= Study material =

==============================

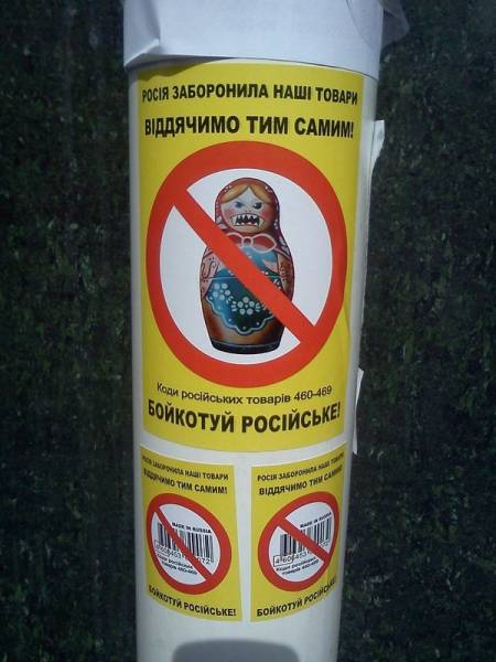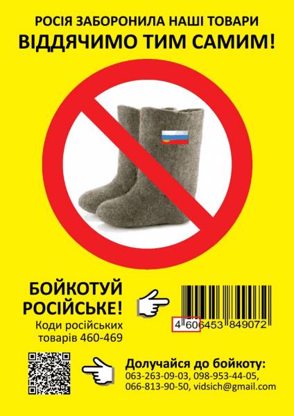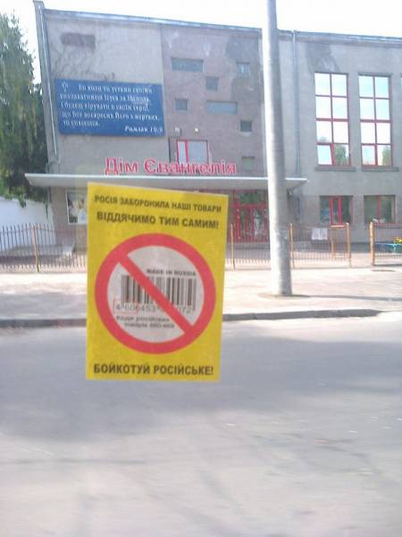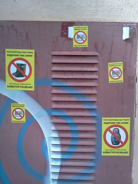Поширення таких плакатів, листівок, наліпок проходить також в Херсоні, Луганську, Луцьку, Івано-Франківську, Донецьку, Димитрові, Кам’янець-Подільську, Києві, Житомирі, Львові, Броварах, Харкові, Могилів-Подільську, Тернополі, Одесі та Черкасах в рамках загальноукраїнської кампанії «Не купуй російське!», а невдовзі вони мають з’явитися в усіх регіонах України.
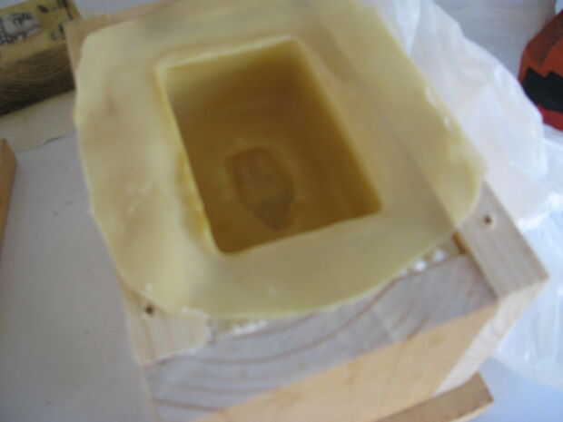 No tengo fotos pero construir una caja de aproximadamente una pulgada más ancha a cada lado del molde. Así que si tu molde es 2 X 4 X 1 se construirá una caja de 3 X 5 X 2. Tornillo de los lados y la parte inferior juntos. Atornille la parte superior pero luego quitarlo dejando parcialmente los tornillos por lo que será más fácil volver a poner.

==============================

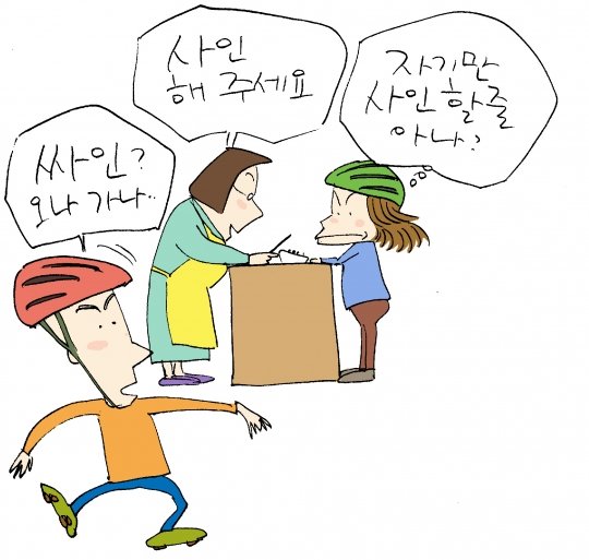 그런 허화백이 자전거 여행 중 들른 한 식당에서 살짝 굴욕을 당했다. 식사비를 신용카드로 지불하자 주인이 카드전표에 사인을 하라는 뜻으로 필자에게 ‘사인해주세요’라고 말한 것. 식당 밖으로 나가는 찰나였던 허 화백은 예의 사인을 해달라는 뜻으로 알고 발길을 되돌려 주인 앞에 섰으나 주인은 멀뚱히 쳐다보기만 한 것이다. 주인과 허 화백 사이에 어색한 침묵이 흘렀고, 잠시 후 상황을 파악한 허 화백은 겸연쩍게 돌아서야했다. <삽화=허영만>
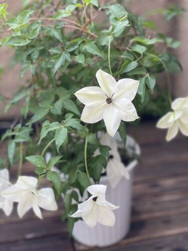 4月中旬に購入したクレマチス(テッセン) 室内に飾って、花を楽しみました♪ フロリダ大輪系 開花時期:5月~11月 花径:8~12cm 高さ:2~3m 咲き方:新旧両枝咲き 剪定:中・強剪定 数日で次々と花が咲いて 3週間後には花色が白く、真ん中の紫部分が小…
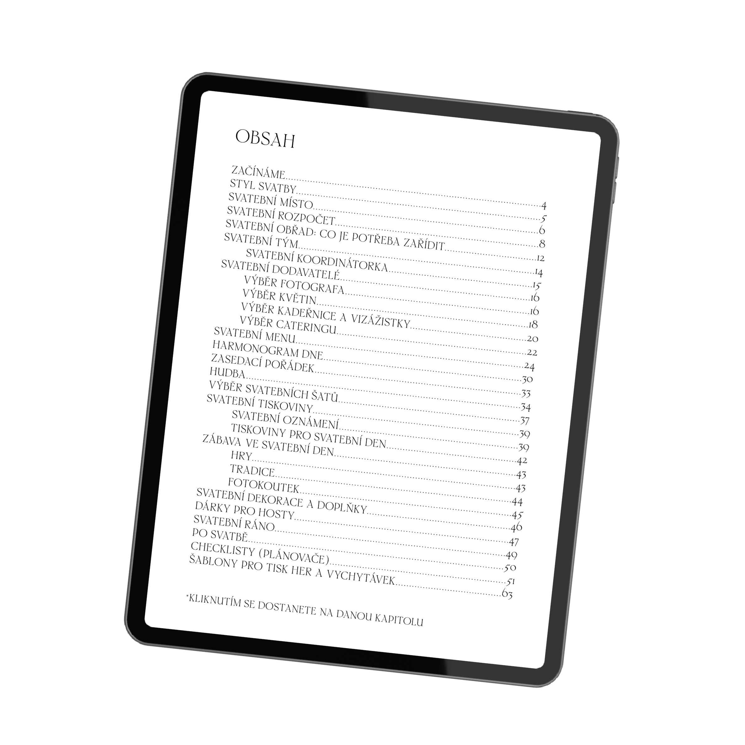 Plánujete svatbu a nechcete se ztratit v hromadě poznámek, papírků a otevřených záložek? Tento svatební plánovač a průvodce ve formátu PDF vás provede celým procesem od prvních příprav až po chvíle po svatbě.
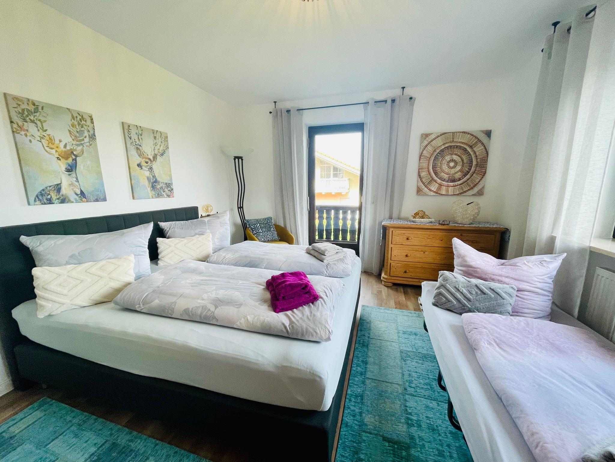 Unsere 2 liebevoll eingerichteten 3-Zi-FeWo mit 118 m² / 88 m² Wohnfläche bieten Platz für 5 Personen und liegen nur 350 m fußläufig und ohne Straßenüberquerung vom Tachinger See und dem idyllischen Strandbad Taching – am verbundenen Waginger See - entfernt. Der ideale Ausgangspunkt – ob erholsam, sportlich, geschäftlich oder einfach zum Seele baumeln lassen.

==============================

= Task directions =
Your copy should hold only the lines above from the one containing "Поширення таких плакатів, листівок, наліпок" through the one containing "No tengo fotos", exactly as written and free of pictures.

= Exercise solution =
Поширення таких плакатів, листівок, наліпок проходить також в Херсоні, Луганську, Луцьку, Івано-Франківську, Донецьку, Димитрові, Кам’янець-Подільську, Києві, Житомирі, Львові, Броварах, Харкові, Могилів-Подільську, Тернополі, Одесі та Черкасах в рамках загальноукраїнської кампанії «Не купуй російське!», а невдовзі вони мають з’явитися в усіх регіонах України.
 No tengo fotos pero construir una caja de aproximadamente una pulgada más ancha a cada lado del molde. Así que si tu molde es 2 X 4 X 1 se construirá una caja de 3 X 5 X 2. Tornillo de los lados y la parte inferior juntos. Atornille la parte superior pero luego quitarlo dejando parcialmente los tornillos por lo que será más fácil volver a poner.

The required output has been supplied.